To illustrate these effects listed above and to explore some other matters,
please see Figure 1 below, the chart for age group 60-69, with some additional data to extend the time period to March 2023.
These graphs are, in the anticipated order of scale : the estimated actual deaths for each month; the total deaths for each month in Table 5; the average expected deaths for each month for that age group during 2015-2019; the 'Jabbed' deaths for that month; and the 'UnJabbed' deaths.
Figure 1
Notes : The ‘Actual Total’ and ‘Total Tab 5’ track fairly closely until 2022 begins, but after that they steadily diverge.
There are periods of excess deaths where the ‘Actual Total’ exceeds the ‘norm year E’.
The errors evident in 2022 seem to be attributable to ‘unlinked’ deaths that should be classified as 'Jabbed'.
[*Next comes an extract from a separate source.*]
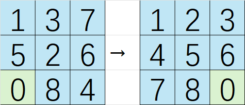 九宫格放\(1\sim 8\)八个数,一个空格可以看作\(0\),\(0\)周围的格子可以移到\(0\)上,找一个移动方案将\(1\sim 8\)归位到从上到下、从左到右按顺序的排列。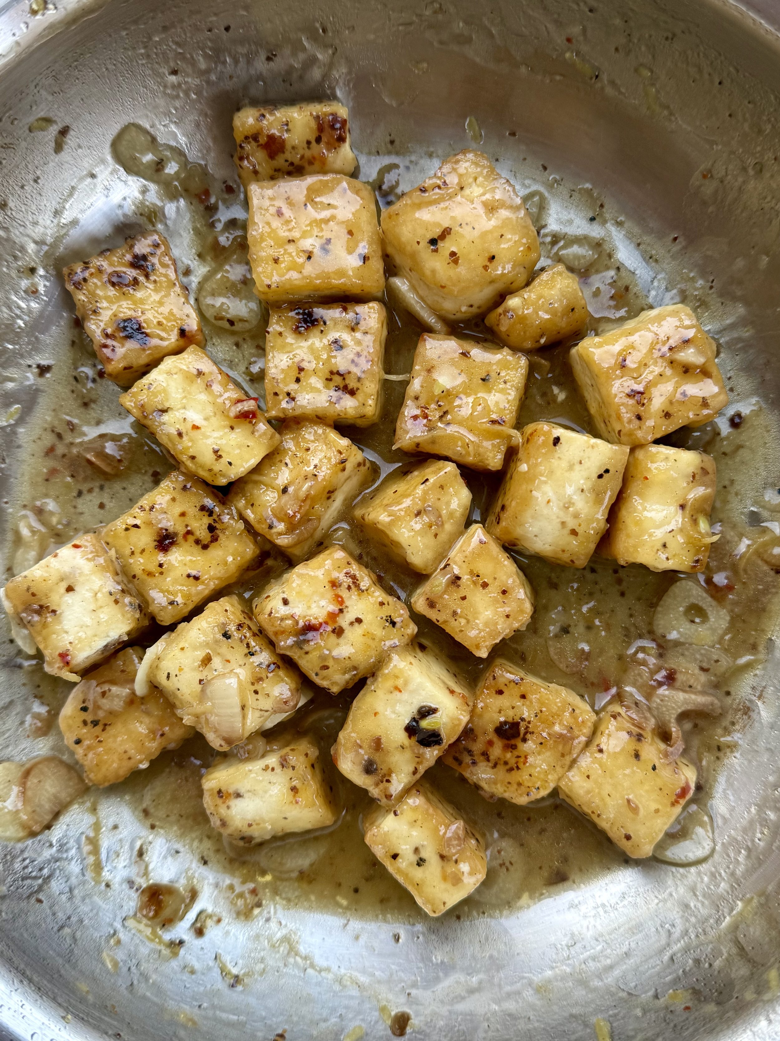 add the tofu and immediately shake the pan so the tofu cubes slide across the bottom. cook undisturbed for 3 minutes, turning down the heat if it gets too dark.

As will be seen in further charts, the age group 60-69 is somewhat atypical. Those in elderly groups may be more likely to be in medical care and their data may thus be more reliable. Those in younger groupings may have less reliable and hence more error prone data.
I include estimates for January, February, and March of 2023 only in the chart for those aged 60-69, to illustrate the ongoing trend in data. The wider perspective on what this might mean is left to a later post.
The charts for age groups 18-39; 40-49; 50-59; 70-79; 80-89; and 90+ follow.
Figure 2
Figure 3
Figure 4
Figure 5
Figure 6
Figure 7
Figure 8
Source Material
[1] https://www.ons.gov.uk/file?uri=/peoplepopulationandcommunity/birthsdeathsandmarriages/deaths/datasets/deathsbyvaccinationstatusengland/deathsoccurringbetween1april2021and31december2022/referencetablefeb213.xlsx
[2] https://www.ons.gov.uk/file?uri=/peoplepopulationandcommunity/birthsdeathsandmarriages/deaths/datasets/deathsbyvaccinationstatusengland/deathsoccurringbetween1april2021and31december2022/referencetablefeb213.xlsx
[3] https://www.ons.gov.uk/file?uri=/peoplepopulationandcommunity/birthsdeathsandmarriages/deaths/adhocs/11485fiveyearaverageweeklydeathsbysexandagegroupenglandandwalesdeathsoccurringbetween2015and2019/fiveyearavgweeklydeaths2015to2019.xlsx
Here is what I think I am seeing : many of those aged below 60 are dying outside the NHS Hospital System, and those numbers increase through 2022, and in younger age groups. This trend is irrespective of the medical problems up to and including the risk of death.
This isn't an ONS problem.
This isn't a Medical Problem.
This is a Political problem.
I suggest that a majority aged 18-39 woke up during 2022. If given the chance they would end National Insurance payments and defund the NHS.